One of the foods that has quickly become a staple within Kell’s Koffee is Poke, a traditional dish of Native Hawaiian cuisine consisting of diced, raw, marinated fish. 

“I remember growing up, Poke was at every potluck, first birthday luau, or even just a snack to have. I love Poke and I love being able to share it with Corvallis.”  

The newest addition to Kell’s Koffee’s menu — just in time for summer — is shave ice, another Hawaiian treat close to Kell’s heart.  

“I remember my parents would take us to a small shave ice shop called Wilson’s By the Bay. I have very fond memories of this place; having a sweet treat on a hot day always brought a smile to my face,” Kell said. “These small but important memories are memories I want other families to be able to experience as well. I’ve [also] been fortunate enough to meet many people from Hawai’i, and it feels so good to be able to bring a little part of our childhoods back into their lives.”   

A Taste of Aloha 

For Kell, Corvallis is now a place he can call home, and he is hopeful that his business can help people who also come from diverse backgrounds and cultures feel the same about the city. 

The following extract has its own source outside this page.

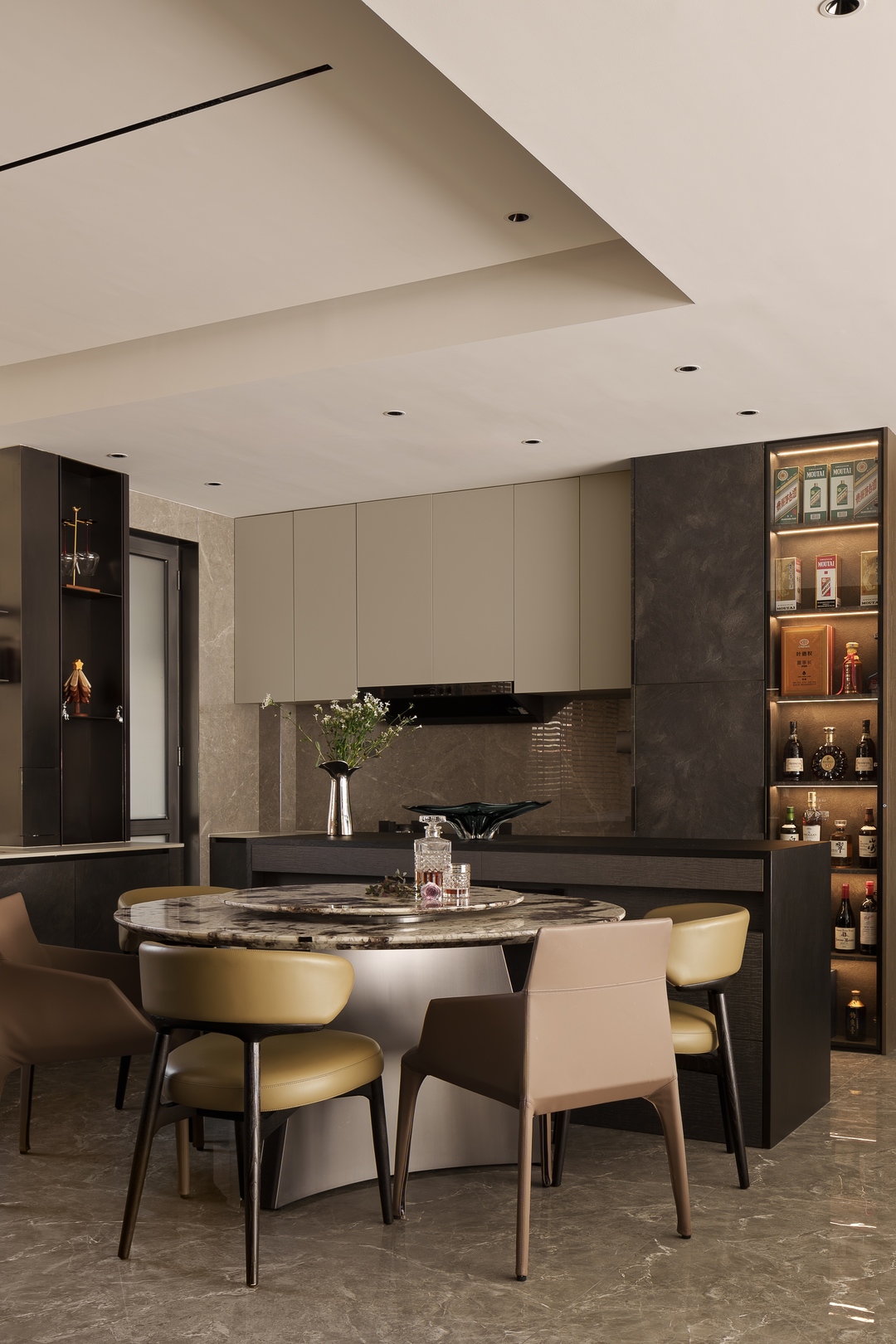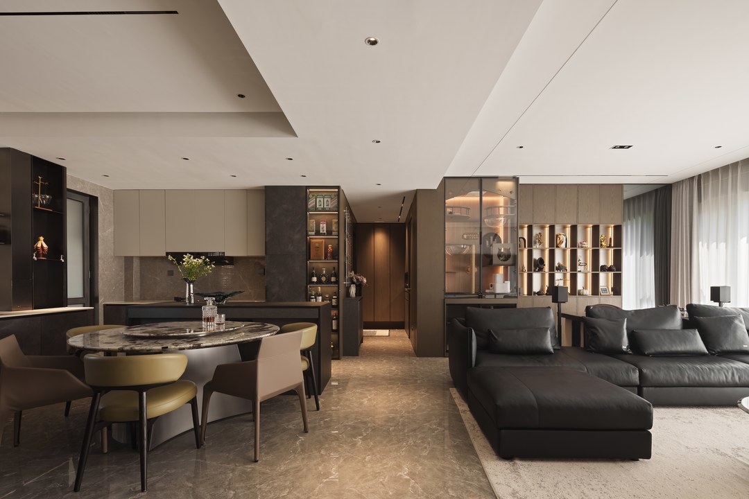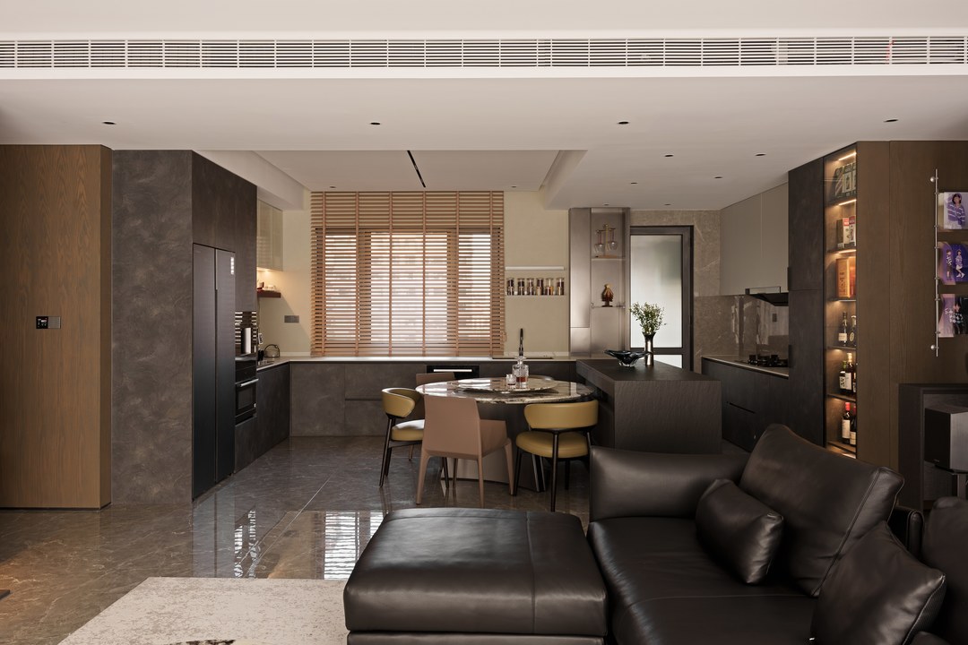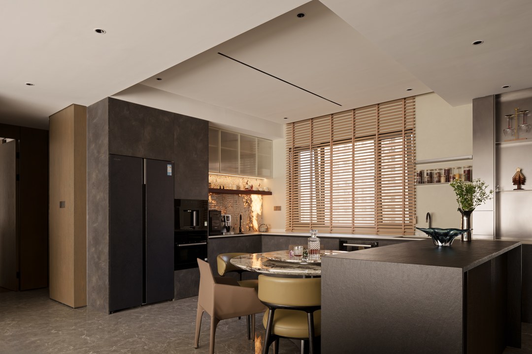 餐厨重新做开放式一体设计,延续客厅的高级沉稳

“If there were anything I would want to change about Corvallis, it would be to bring more awareness to our BIPOC communities as well as the LGBTQIA+ community,” Kell said. “I have been able to meet people from all over the world at my small business, and I want to be able to share how incredibly beautiful every culture is. I love learning about my customers and their cultures, and I try to take inspiration for drinks from all over the world.”  

To help maintain a welcoming spirit at his shop, Kell works to ensure that his business values boil down to one word: Aloha. 

“Growing up in Hawai’i, the concept of Aloha was something we lived by every day. The Hawaiian culture is very love-focused, and I live every day doing my best to treat people the way every human deserves to be treated.”   

One of Kell’s main goals is to have his business serve as a space where everyone feels welcomed and included — and a place anyone can come to whenever they need a little taste of Aloha.  

“I want nothing more for my business to be able to share my Aloha with everyone and build a Kell’s Koffee family where everyone is included and celebrated,” said Kell. “I am so incredibly honored that I am able to share my Aloha with Corvallis every single day.”